*** Supplied material ***

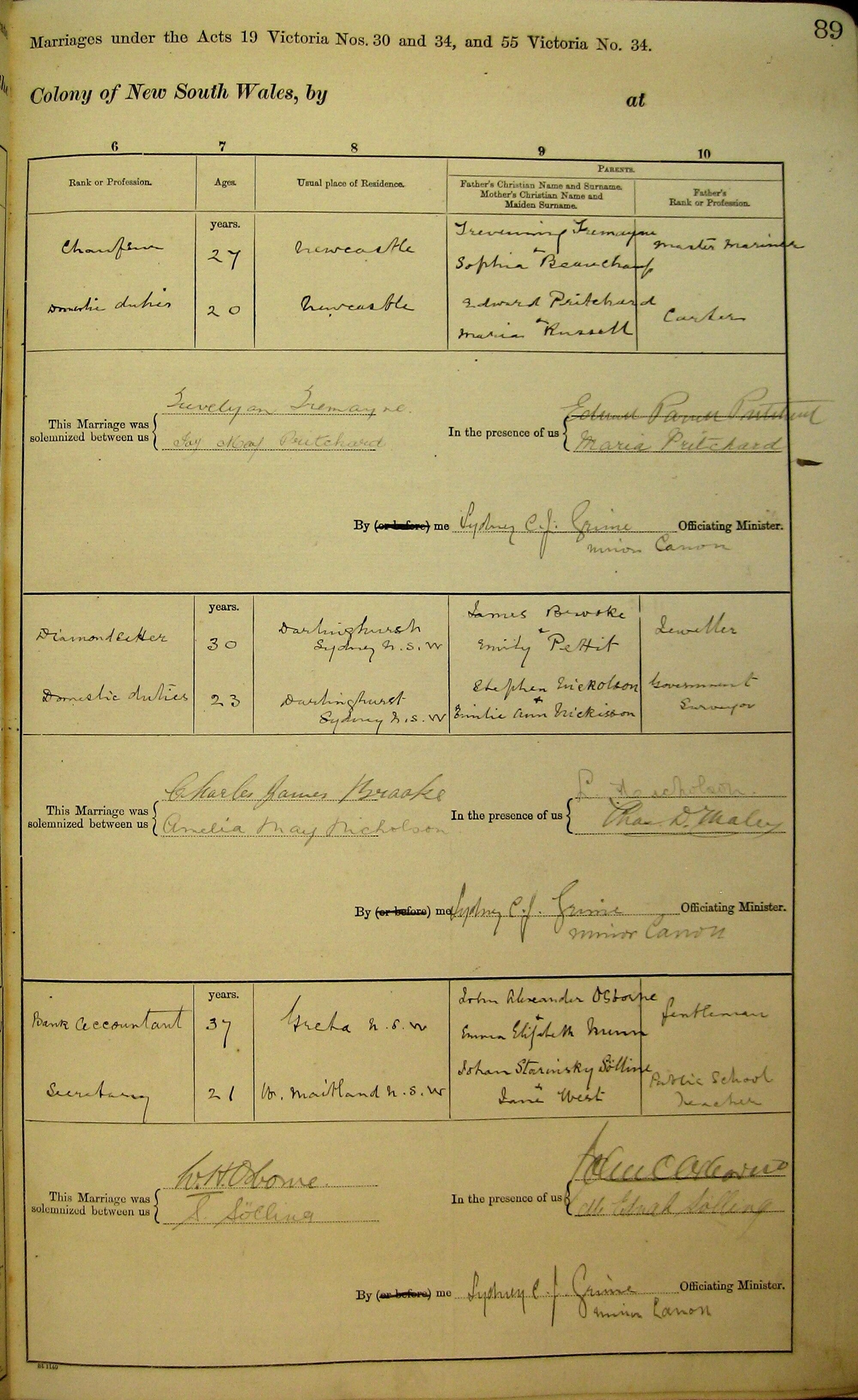 Marriage Numbers 265a to 267a, Page 89a. 1910. Living Histories, accessed 19/03/2026, https://livinghistories.newcastle.edu.au/nodes/view/51265
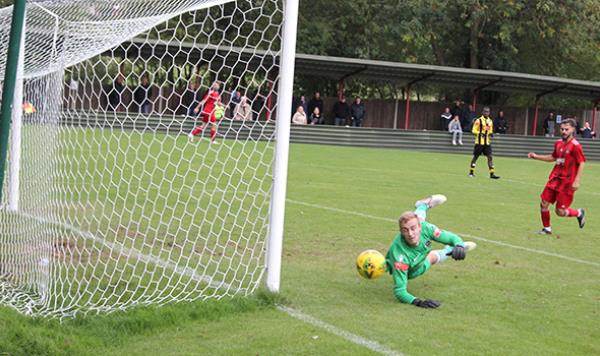 And the Northwood stopper took that form into the shoot-out, as he had done a couple of weeks earlier in the F.A. Cup, saving two penalties including the first and fifth Basildon efforts after Dickson, Kuehn, Totesaut and Thomas had converted, to win the tie for Woods.
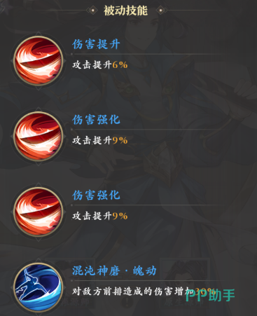 继续培养之后可以解锁一个6%的攻击提升和两个9%的攻击提升,周元高攻击的优势得以进一步凸显,同时他的另一专属被动“混沌神磨·魄动”也将激活,可以在攻击敌人前排时获得30%的增伤。

***

What to work on :: Without any pictures, transcribe the listing above exactly as written.

Response ::
 Marriage Numbers 265a to 267a, Page 89a. 1910. Living Histories, accessed 19/03/2026, https://livinghistories.newcastle.edu.au/nodes/view/51265
 And the Northwood stopper took that form into the shoot-out, as he had done a couple of weeks earlier in the F.A. Cup, saving two penalties including the first and fifth Basildon efforts after Dickson, Kuehn, Totesaut and Thomas had converted, to win the tie for Woods.
 继续培养之后可以解锁一个6%的攻击提升和两个9%的攻击提升,周元高攻击的优势得以进一步凸显,同时他的另一专属被动“混沌神磨·魄动”也将激活,可以在攻击敌人前排时获得30%的增伤。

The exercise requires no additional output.